◆ Data section
________________________________________

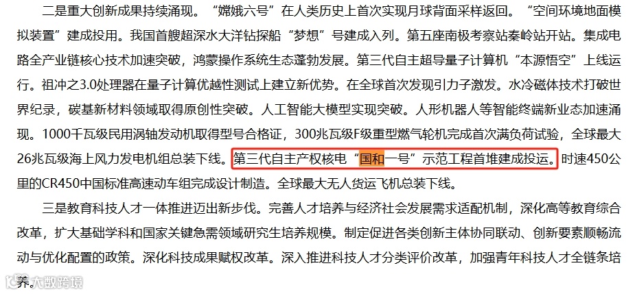 援引《财经》相关报道,《关于2024年国民经济和社会发展计划执行情况与2025年国民经济和社会发展计划草案的报告》全文中,在介绍2024年国民经济和社会发展计划执行情况的重大创新成果中指出,第三代自主产权核电“国和一号”示范工程首堆建成投运。
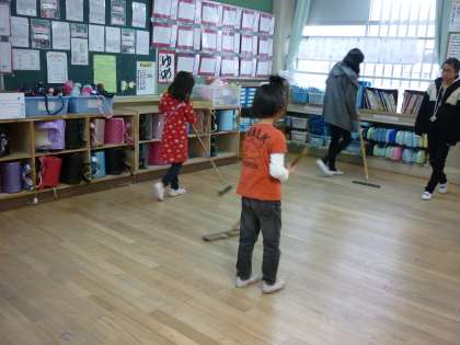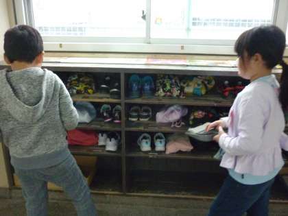 ピカピカの廊下,ピカピカの教室,ピカピカのくつ箱。自分たちが使うところは,自分たちできれいにします。きれいになると,気持ちがいいね。
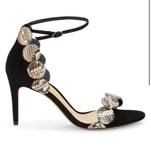 Suede sandal with a slim ankle strap and circle exotic python leather trim.

________________________________________

◆ What needs to be done
Give all of the material again, exactly, apart from the pictures.

◆ Finished exercise
 援引《财经》相关报道,《关于2024年国民经济和社会发展计划执行情况与2025年国民经济和社会发展计划草案的报告》全文中,在介绍2024年国民经济和社会发展计划执行情况的重大创新成果中指出,第三代自主产权核电“国和一号”示范工程首堆建成投运。
 ピカピカの廊下,ピカピカの教室,ピカピカのくつ箱。自分たちが使うところは,自分たちできれいにします。きれいになると,気持ちがいいね。
 Suede sandal with a slim ankle strap and circle exotic python leather trim.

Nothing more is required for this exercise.